● **TASK BRIEF**
If a line in the records below contains the word "perfect", return that line.

● **GIVEN DATA**
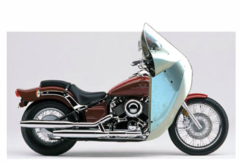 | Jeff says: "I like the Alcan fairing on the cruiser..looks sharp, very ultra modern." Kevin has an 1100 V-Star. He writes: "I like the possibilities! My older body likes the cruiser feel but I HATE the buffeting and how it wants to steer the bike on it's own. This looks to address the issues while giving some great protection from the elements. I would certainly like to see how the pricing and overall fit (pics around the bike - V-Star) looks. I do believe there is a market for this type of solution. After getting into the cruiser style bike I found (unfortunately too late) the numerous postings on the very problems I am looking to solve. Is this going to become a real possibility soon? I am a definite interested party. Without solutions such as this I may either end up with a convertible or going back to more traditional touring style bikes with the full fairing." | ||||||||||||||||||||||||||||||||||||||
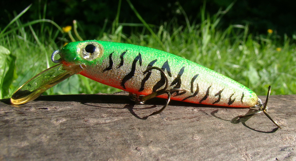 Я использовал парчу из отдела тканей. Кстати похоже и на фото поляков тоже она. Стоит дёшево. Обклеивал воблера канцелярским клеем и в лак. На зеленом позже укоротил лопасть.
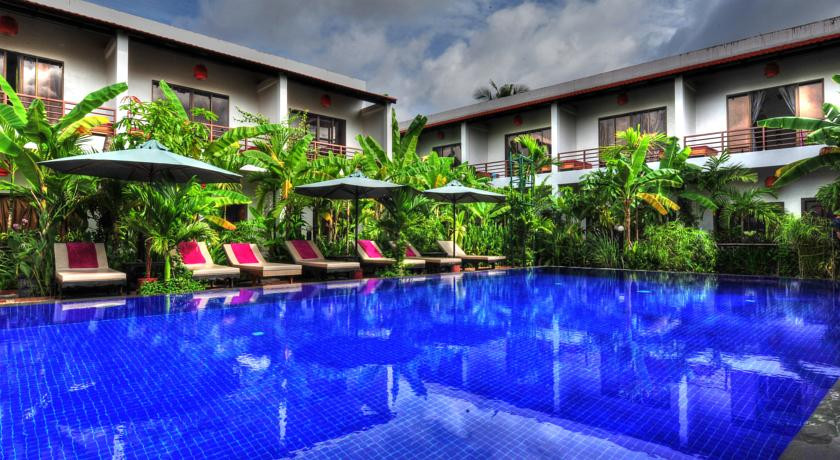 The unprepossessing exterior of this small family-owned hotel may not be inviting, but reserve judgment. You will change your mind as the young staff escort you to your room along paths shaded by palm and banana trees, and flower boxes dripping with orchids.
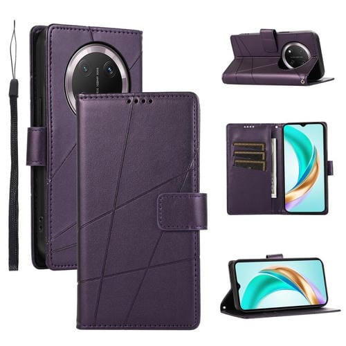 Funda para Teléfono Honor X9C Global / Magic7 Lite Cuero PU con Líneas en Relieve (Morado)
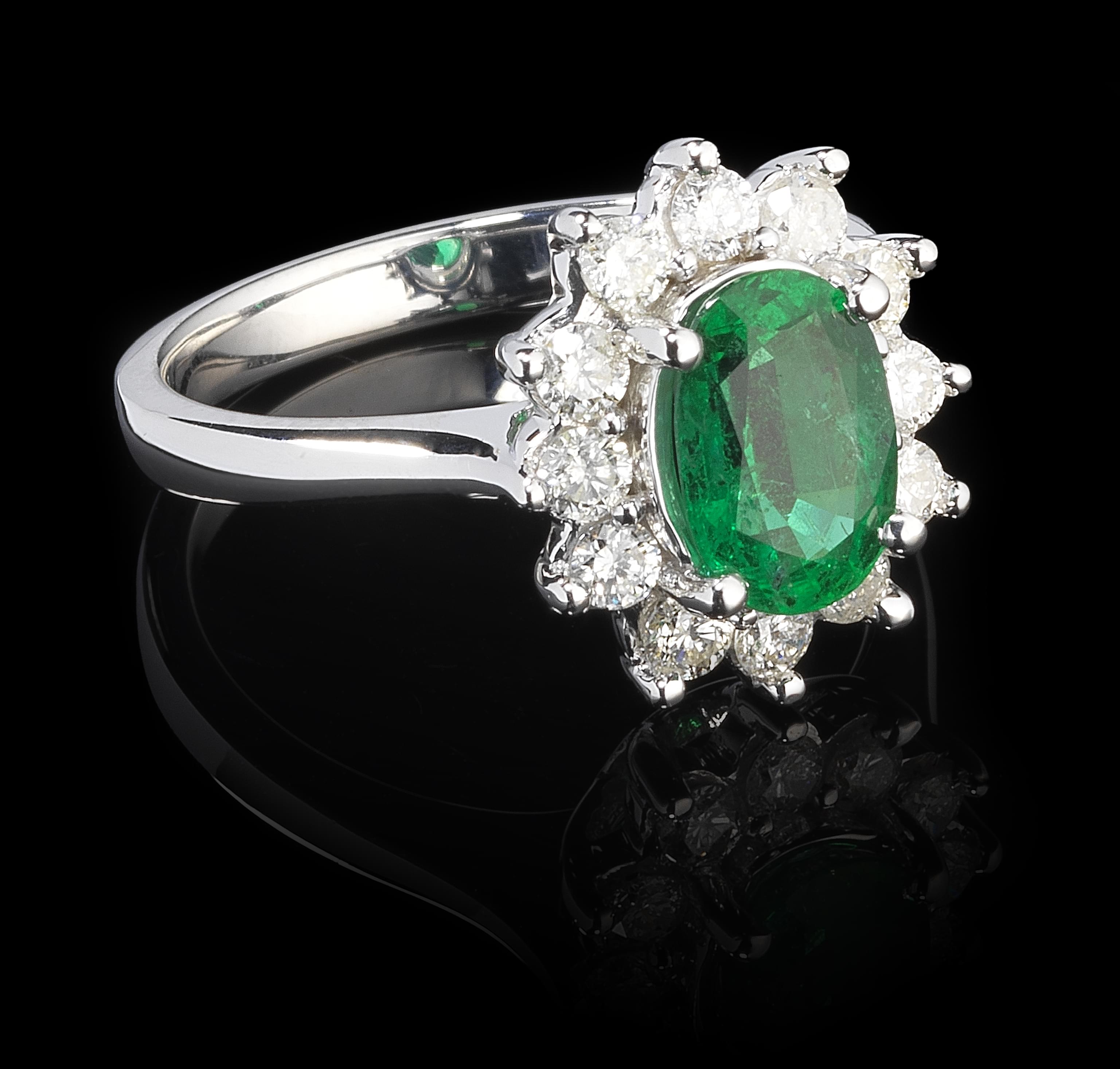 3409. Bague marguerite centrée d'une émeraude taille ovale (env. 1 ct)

--

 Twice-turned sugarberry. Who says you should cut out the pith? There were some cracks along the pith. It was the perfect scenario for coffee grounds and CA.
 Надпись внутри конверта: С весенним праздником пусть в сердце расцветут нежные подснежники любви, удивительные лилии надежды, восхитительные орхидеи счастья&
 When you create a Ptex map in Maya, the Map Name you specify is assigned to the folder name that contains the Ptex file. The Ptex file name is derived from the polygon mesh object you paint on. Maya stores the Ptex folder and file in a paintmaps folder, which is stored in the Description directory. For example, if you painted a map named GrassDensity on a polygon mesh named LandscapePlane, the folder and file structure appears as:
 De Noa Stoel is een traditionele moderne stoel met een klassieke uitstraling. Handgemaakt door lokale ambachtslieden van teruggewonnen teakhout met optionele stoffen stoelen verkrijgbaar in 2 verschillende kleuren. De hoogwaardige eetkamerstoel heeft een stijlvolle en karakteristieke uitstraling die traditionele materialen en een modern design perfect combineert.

---

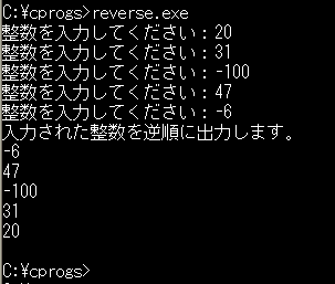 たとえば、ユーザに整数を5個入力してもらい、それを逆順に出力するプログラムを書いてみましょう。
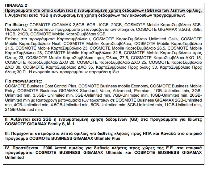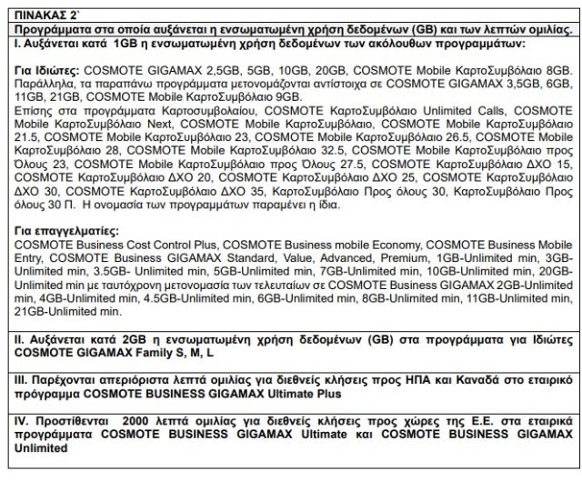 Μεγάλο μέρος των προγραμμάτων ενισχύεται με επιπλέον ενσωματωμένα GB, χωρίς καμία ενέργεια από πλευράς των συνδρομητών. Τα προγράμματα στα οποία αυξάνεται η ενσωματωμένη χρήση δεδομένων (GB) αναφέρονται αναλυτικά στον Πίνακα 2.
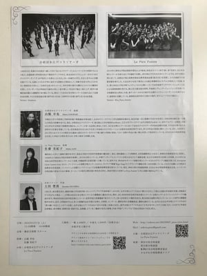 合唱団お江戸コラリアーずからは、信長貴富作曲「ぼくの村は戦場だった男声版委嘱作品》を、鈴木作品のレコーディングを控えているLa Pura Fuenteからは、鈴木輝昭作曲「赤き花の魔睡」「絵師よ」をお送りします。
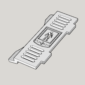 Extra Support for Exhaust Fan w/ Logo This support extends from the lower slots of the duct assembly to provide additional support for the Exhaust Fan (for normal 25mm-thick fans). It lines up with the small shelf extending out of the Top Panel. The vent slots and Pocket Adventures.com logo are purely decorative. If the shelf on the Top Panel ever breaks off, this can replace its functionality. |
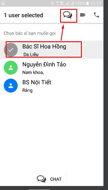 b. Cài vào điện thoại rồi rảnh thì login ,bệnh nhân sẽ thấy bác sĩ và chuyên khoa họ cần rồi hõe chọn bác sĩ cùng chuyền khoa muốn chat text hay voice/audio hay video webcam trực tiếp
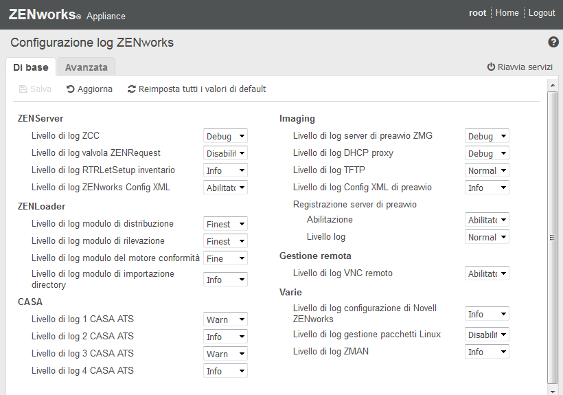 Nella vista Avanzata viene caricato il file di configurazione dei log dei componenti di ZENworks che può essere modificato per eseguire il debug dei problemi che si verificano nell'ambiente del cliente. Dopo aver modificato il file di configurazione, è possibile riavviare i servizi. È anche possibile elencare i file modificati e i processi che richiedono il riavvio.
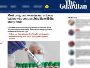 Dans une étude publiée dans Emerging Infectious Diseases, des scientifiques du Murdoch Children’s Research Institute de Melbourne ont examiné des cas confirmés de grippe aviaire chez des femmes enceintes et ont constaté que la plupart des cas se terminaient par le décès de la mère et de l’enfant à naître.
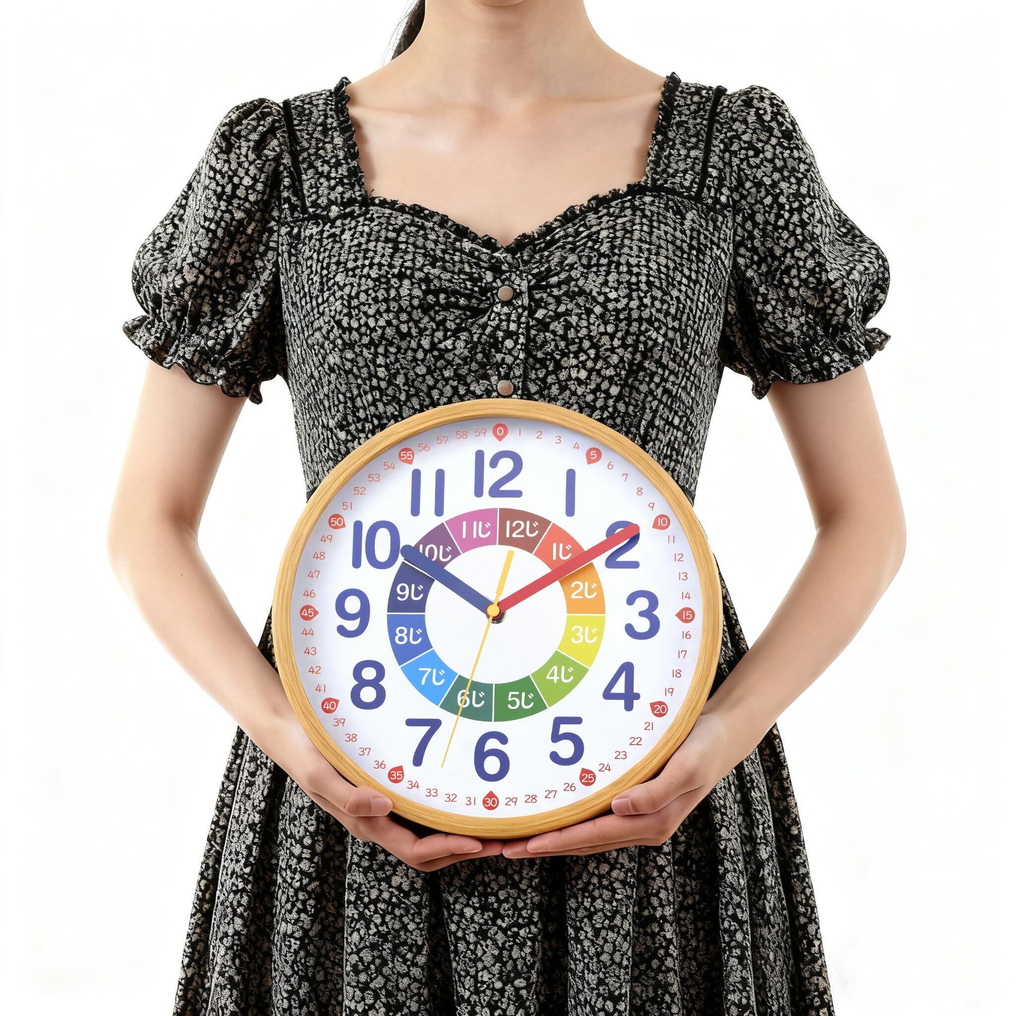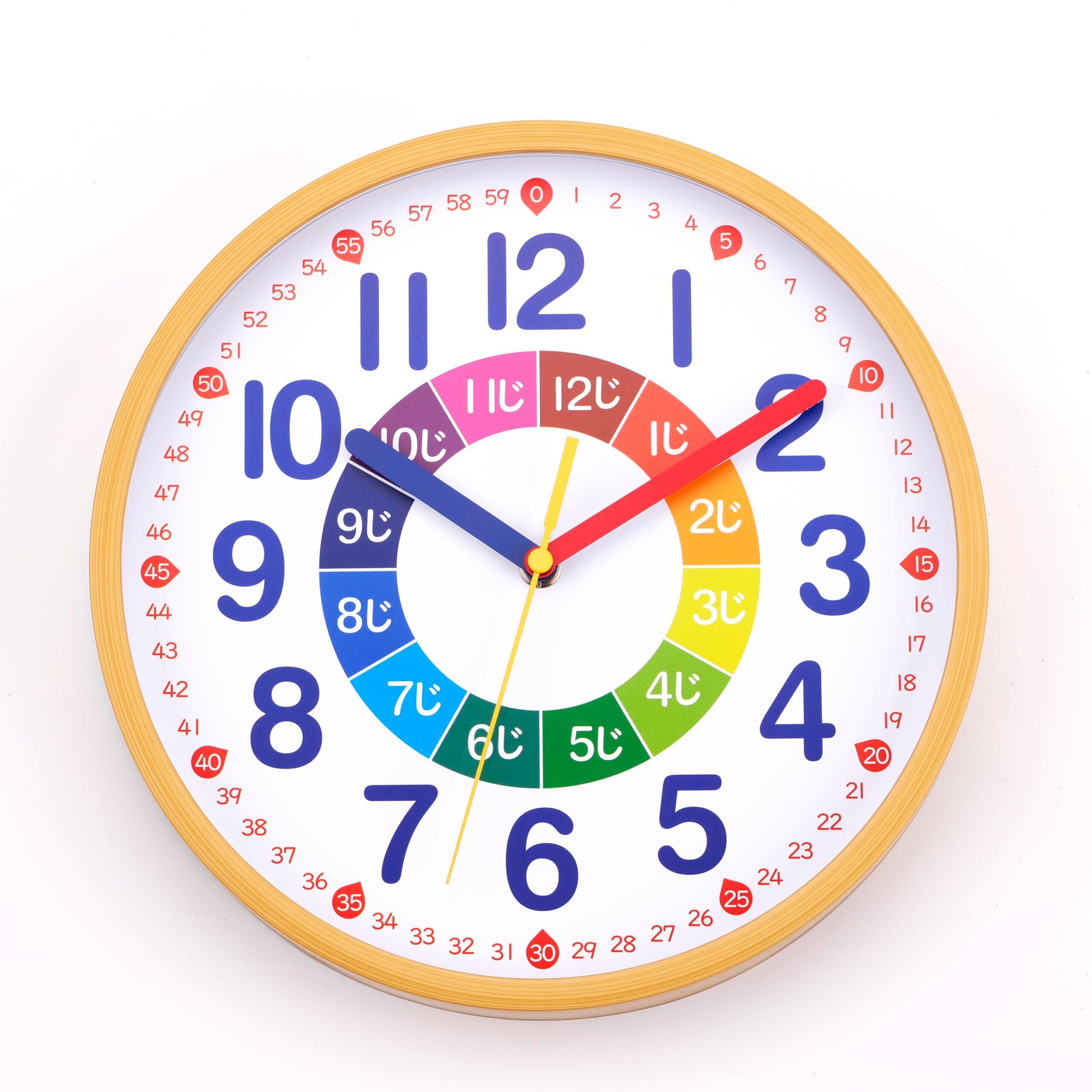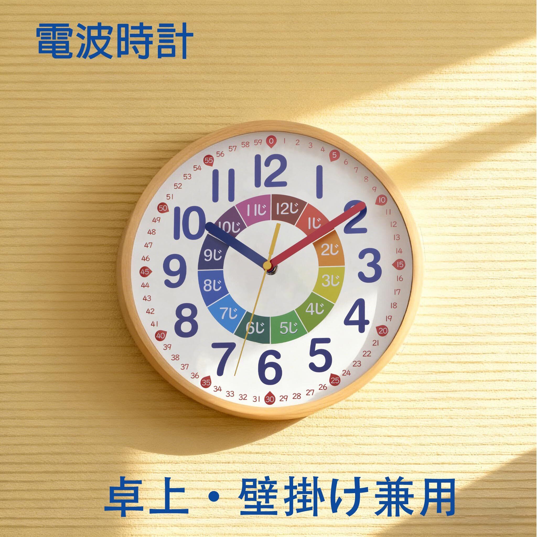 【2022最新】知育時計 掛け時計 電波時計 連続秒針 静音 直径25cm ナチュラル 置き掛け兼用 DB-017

● **RESULT OF THE EXERCISE**
 Twice-turned sugarberry. Who says you should cut out the pith? There were some cracks along the pith. It was the perfect scenario for coffee grounds and CA.
 De Noa Stoel is een traditionele moderne stoel met een klassieke uitstraling. Handgemaakt door lokale ambachtslieden van teruggewonnen teakhout met optionele stoffen stoelen verkrijgbaar in 2 verschillende kleuren. De hoogwaardige eetkamerstoel heeft een stijlvolle en karakteristieke uitstraling die traditionele materialen en een modern design perfect combineert.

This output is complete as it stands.